Growing up, my mom would continually remind my siblings and I of the quote you just read. Some days, it was a gentle reminder. Other days, it was a hard pill to swallow. I can’t even begin to explain how many times as a teenager I argued with my mom defending the people I hung out with. She didn’t get it!!! (Actually, I didn’t.)
I’m not a mother yet. But as I’ve grown older and as I have experienced certain hardships as an adult, I am just now beginning to realize why my mom was so wary of who we kept around. It wasn’t precisely because she was being extremely strict and didn’t want us to enjoy our lives. It was because she knew how easily influenced and shaped we could become by our company’s actions and lifestyles.
Even though it was hard to admit then, I can now admit that my mom’s nugget of wisdom was what I needed all along.
When you’re young, you don’t really pay attention to who your friends are. Usually you meet a classmate in class or on the playground, you get along for one moment, and then boom, suddenly that classmate is your diary and the person you go to for everything. I think it’s beautiful that as children, we choose friends based on the memories we have of them, what we shared, and how they made us feel. If a child knows that another has been bullying or picking on other kids, odds are they aren’t going to want to be around that particular child. But children are innocent and somehow understand that when someone’s actions aren’t good, they should stay away.
As we grow older, a shift begins to happen though. We begin to keep friends around no matter how they make us feel. I’m still trying to wrap my head around why this happens. Some questions I’ve asked myself are:
Am I friends with this person because I’ve known them for such a long time?
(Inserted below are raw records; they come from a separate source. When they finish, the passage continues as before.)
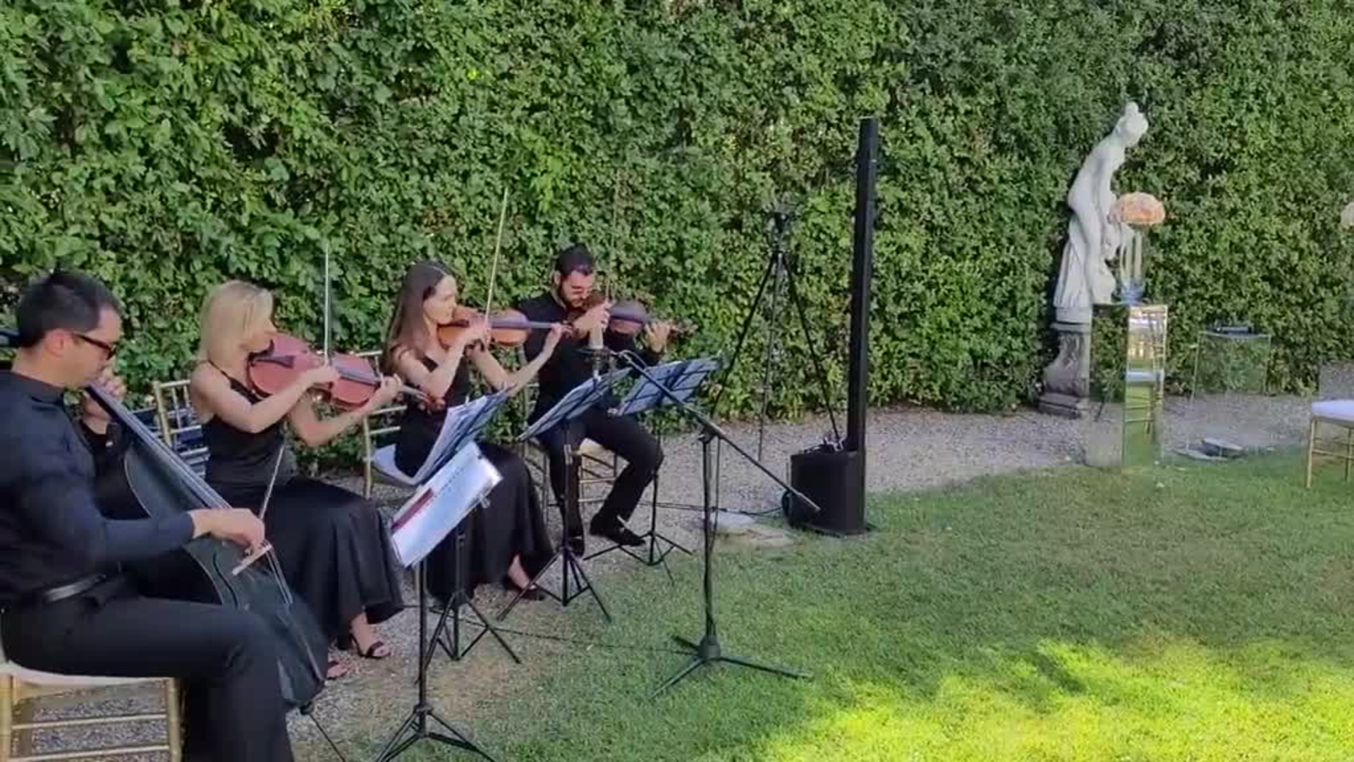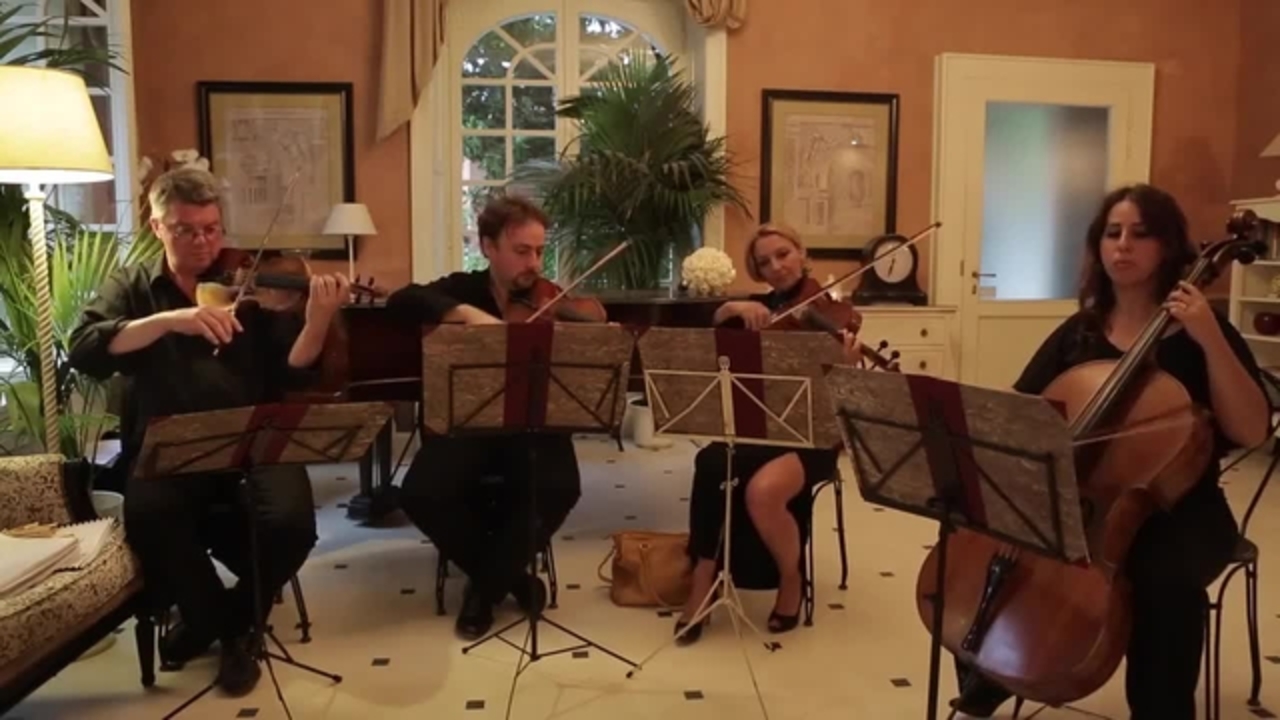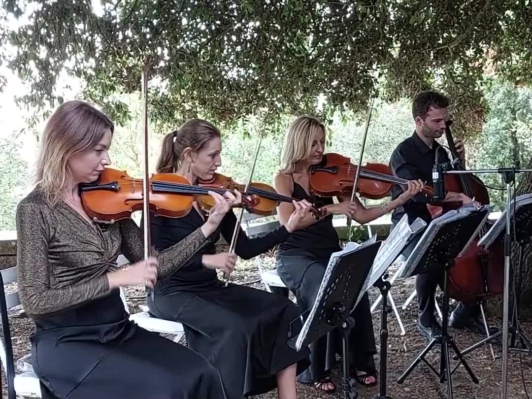 Porta un'abbondanza di classe ed eleganza al tuo evento con questo stupefacente quartetto d'archi. Abbigliamento elegante e composizioni musicali straordinarie eseguite con destrezza lasceranno il pubblico senza fiato. Il loro vasto repertorio di brani classici può essere personalizzato per adattarsi al tuo evento e creare l'atmosfera perfetta.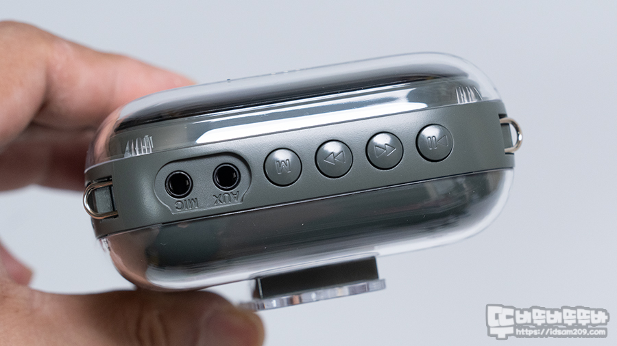 제품의 상단에는 멀티 펑션 버튼 M, 재생/일시 정지, 트랙 이동 버튼 그리고 AUX 외부 입력, MIC 입력 단자로 구성되어 있으며 왼쪽 측면에는 USB 메모리 & MicroSD(TF) 슬롯 그리고 오른쪽 측면에는 전원 On/Off 겸 볼륨 조절 노브, USB-C 충전 단자를 확인할 수 있습니다.
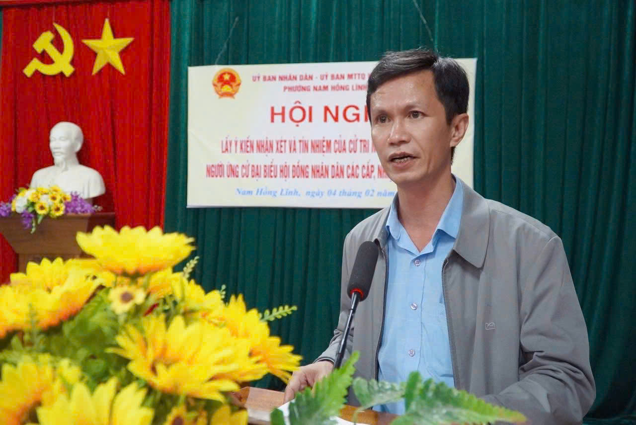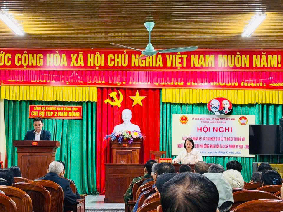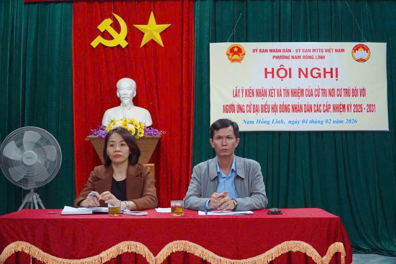 Trong hai ngày 5 và 6 tháng 2/2026, UBND - Ủy ban MTTQ Việt Nam phường Nam Hồng Lĩnh tiếp tục tổ chức hội nghị lấy ý kiến nhận xét và tín nhiệm của cử tri nơi cư trú đối với những người được giới thiệu ứng cử đại biểu HĐND các cấp nhiệm kỳ 2026–2031 tại các đơn vị còn lại. /.

Am I friends with this person because I don’t want to bother meeting new people?
How Do You Feel?
I’ve found myself time and time again keeping company around that didn’t always make me feel good. Whether it was their language, their actions, attitudes, or mindsets, I could feel a shift in my own self whenever I was around them. If you pause for a moment and think of the company you’ve been keeping, I want you to keep the following questions in mind:
After you're done hanging out with them and even during, how do you FEEL? Do you feel that your heart, soul, and mind are being fed? Or, do you feel that the last bits of life are being sucked out of you? After you’re done hanging out with them, are you more inclined to make positive choices or negative ones? Are you more inclined to consume things (food, media, entertainment, etc.) that help you or stunt you? Do you feel encouraged and uplifted? Do you feel unmoved and apathetic?
Take a moment to digest those questions and if you feel inclined to, journal them down. It always makes a difference seeing your responses right in front of you! I genuinely desire for you to reflect on those because for a long time I didn’t understand, or at least, didn’t want to accept the fact that who I kept around would affect me in the long run. It wasn’t until I started to firsthand experience negative side effects from my various relationships that I realized my company mattered. No matter how solid I believed my integrity to be or how ingrained my values were in my heart, consistent bad company surely would corrupt what I had taken so long to build in my life.
Now, I do want to make it clear that I’m not trying to warn you to begin staying away from everyone. Especially since sometimes there are certain people you can’t necessarily avoid physically. This also doesn’t mean you need to start cutting people off left and right (unless you feel it is heavy on your heart to do so). What I want you to understand with me is the importance of choosing, when we’re able to, our company wisely for the sake of the health of our hearts, minds, and souls.
Who you keep around will surely influence you in one way or another. My hope for you is that you continue loving everyone you know and come across, but you’re aware of who is building you up and who isn’t.